Valamon Viiniherman Oy () is a distillery located in Finland that produces whisky and church wine. The company, founded in 1997, is owned by the Valamo Monastery.

== History ==
The company was founded by the Valamo Monastery and a winery called Hermannin viinitila ("Hermann's Wine Estate") from Ilomantsi. The latter is the oldest wine estate in Finland, having been founded in 1989.

Valamon Viiniherman Oy was created by Father Andreas of the monastery.

In 2014, Valamon Viiniherman Oy launched the production of whisky, investing 1,2 million euros in the new venture destined to become the company's main stream of revenue. The first batch were planned for 2018. The distillery needed in the project forms a company of its own, and the majority of the shares is owned by the monastery. The person responsible for the production of alcoholic beverages in the monastery is Timo Kettunen.
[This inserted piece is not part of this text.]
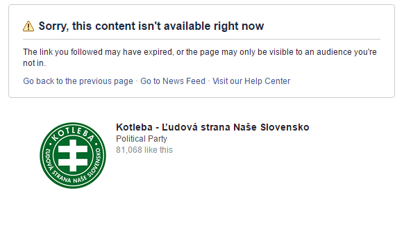 Facebook jej obsah prestal ukazovať po tom, ako sa na sarkastickej stránke Zomri rozbehla iniciatíva za nahlasovanie stránok, ktoré inklinujú či propagujú kotlebovcov. Práve stránka Zomri v noci na dnes upozornila na to, že stránka je nefunkčná.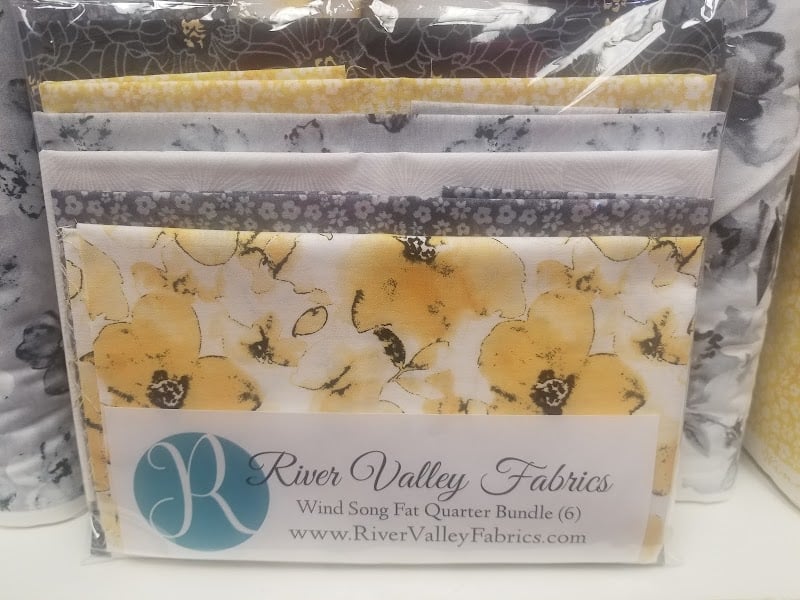 The image features a neatly packaged Wind Song Fat Quarter Bundle from River Valley Fabrics, showcasing vibrant yellow floral patterns alongside gray and white fabrics.

In 2018, the winery lost its licence to sell its Church wine. Valamon provided 30% of the country's Church wine and had dropped the alcohol content of its wine below 15% for cheaper tax purposes. After losing its licence, the winery could not sell to parishes directly anymore, having to go through Alko for all sales, even when Valamon wanted to buy its own wine.
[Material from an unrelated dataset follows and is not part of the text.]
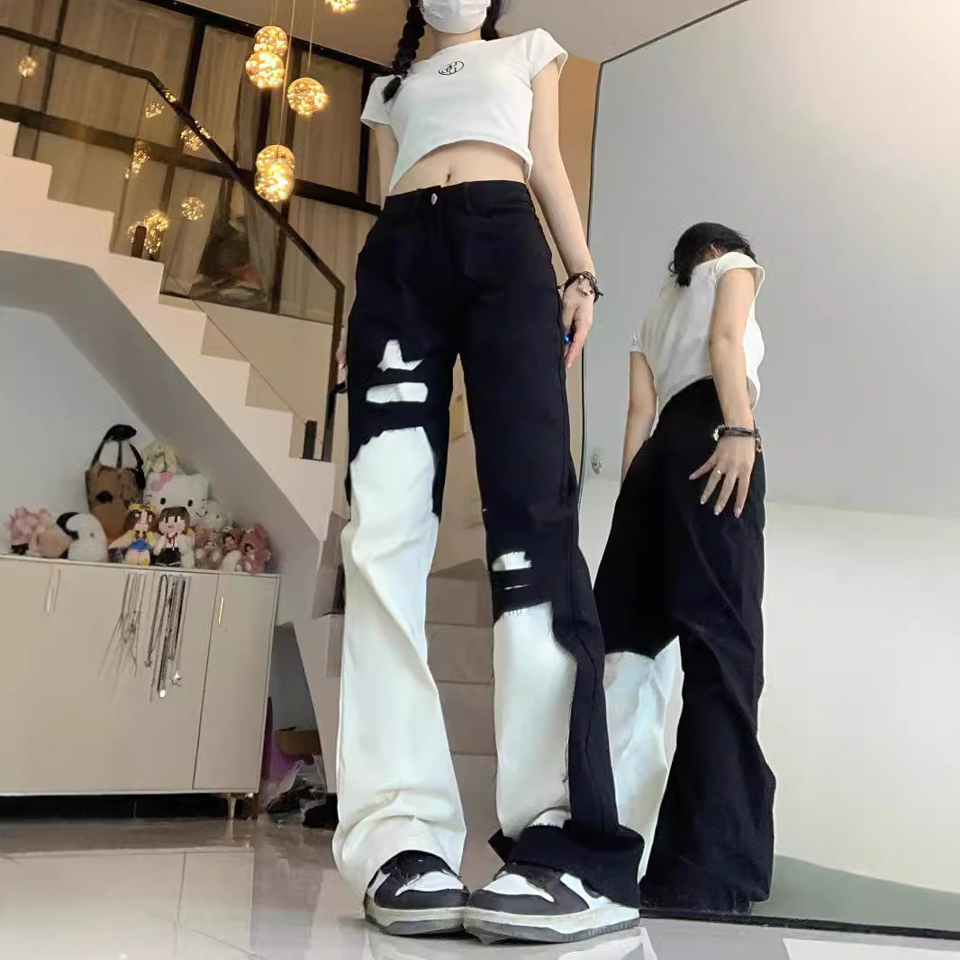 Побочные джинсы новые дыры черно-белые свободные прямые брюки

By 2019, the monastery was producing almost 50,000 liters of whisky and selling The Valamon Monastery Peated Single Malt in Alko stores.

== Activities ==
The company produces wines, liqueurs and whisky. Valamon owns half of Valamon Viiniherman Oy. It made €60 000 in profits in 2012. The whisky is sometimes aged in barrels used for Church wine, giving the liquid a distinct darker tone.